The subject matter certainly demands coverage in this, the 150th anniversary of the publication of his ground breaking work ‘The Origin of Species’. What it didn’t need, in my view, was to be turned into another atheist argument. Channel 4 has done an admirable job over the last few years of representing various world views, it’s the only channel to devote any serious time to the specific subject of atheism. I’m also quite curious about the series “make me a Christian” which starts this Sunday, but – I should add – more for the comedic value I see in the prospect. That said, I fear I’ll get wound up by it in no time.

In my view, the subject of evolution by natural selection could have been dealt with – and been the better for it – if the subject of religion had been left on the side lines. Leave it as an exercise for the viewer to draw what (to me) are solid conclusions. But accept that there are many biologists and geologists who do find a way to allow evolution to sit side by side with their beliefs (Don’t expect me to explain the mental gymnastics that requires). I simply take Occam’s razor – the simplest explanation is most likely true – quite seriously, and evolution to me does a more than adequate job at explaining our place in the world. Gods only complicate it further, and actual demand far more difficult explanations.

Dawkins’ medium is definitely not television. His written works are elegantly written, and in them he deserves his position at Oxford as the Charles Simonyi chair for the public understanding of Science. But in television I feel he comes across as slightly arrogant, smug, distant and, I’m afraid, somewhat grating over the course of an hour. I’m a big fan, so goodness knows how anybody who wasn’t would feel after settling down for an hour of documentary.
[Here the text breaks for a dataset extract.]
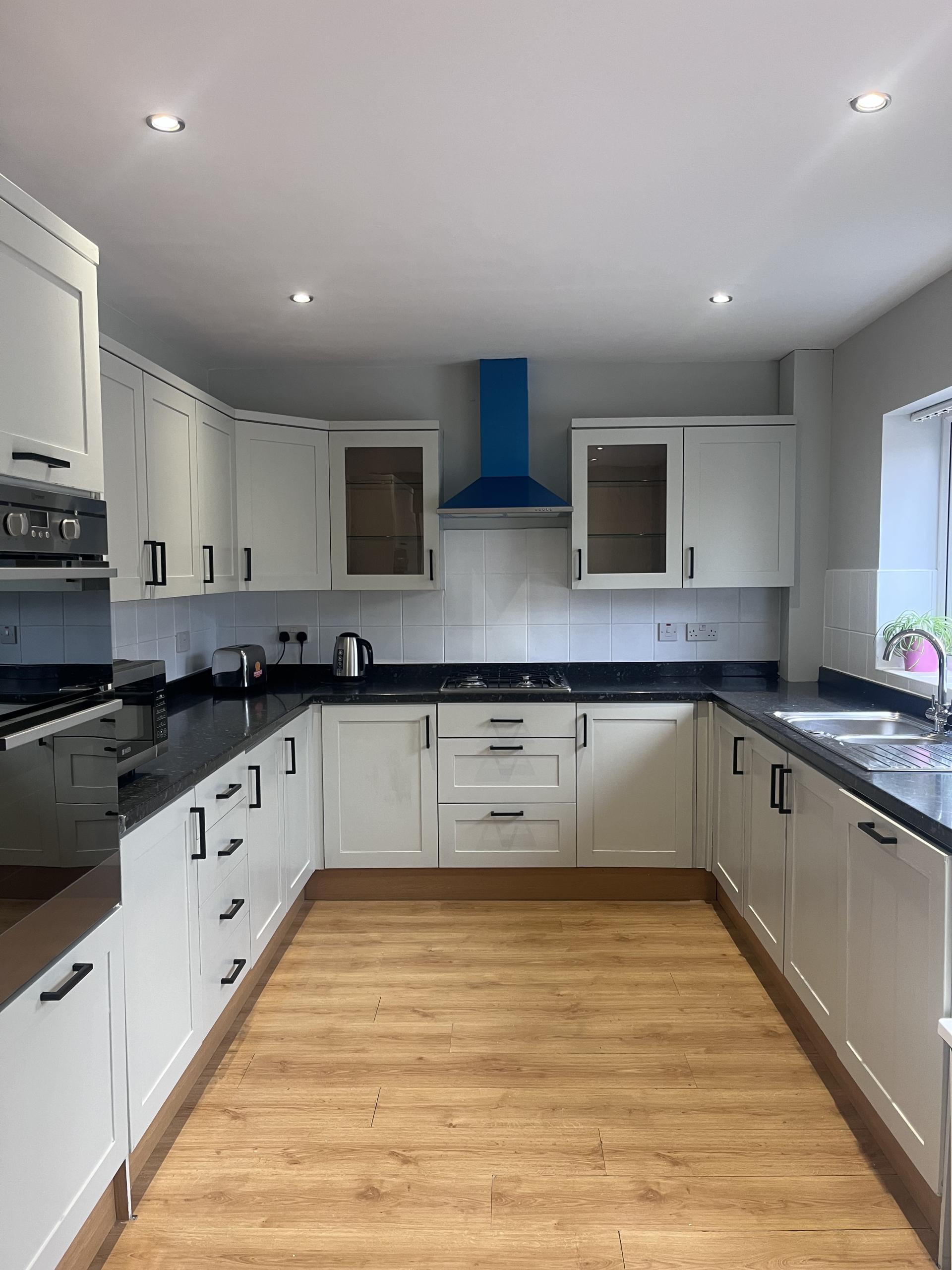 Modern kitchen with oven hob fridge freezer microwave and washing machine

Compare this to National treasure, David Attenborough. Attenborough has found a way of reaching out and pulling his audience in to the savanna and rain forest with him, so we all manage to enjoy the splendour and variety of the life about us with him. It’s clearly a tall order to expect Dawkins to become a similar treasure overnight(!), but if he could take on some of the approaches, and manage to find a way to better engage with the audience, it’d make for far more compelling, informative and educational television, especially when dealing with scientific subjects rather than his atheism.

In the core message of the programme it did better, when he wasn’t bringing religion in to it. Evolution is not a complex concept – indeed it’s rather obvious when you look at the selective breeding process we apply to our favourite animals – but it really seemed a bit more mixed up in the life of Darwin than would have been ideal. The budget may have been at play here: The choice of what seemed like aging natural world footage of animals fighting, eating, copulating and fleeing, and the strange metaphore of a piano to explain the relative duration monkeys (and humans) have existed to the entire span of life on earth. Some on-screen graphics really would have been better, and more emphasis on the simply vast stretches of time involved. Geology plays a key part in demonstrating evolution, but it didn’t seem to be applied or explained very effectively. Similarly it was very fleeting (but when it was mentioned, did so very effectively) how horrifically cruel yet wonderful the natural world is. Parasites, eat or be eaten, how the eye has independently evolved multiple times, and how there are some bizarre relics of evolution within our own body.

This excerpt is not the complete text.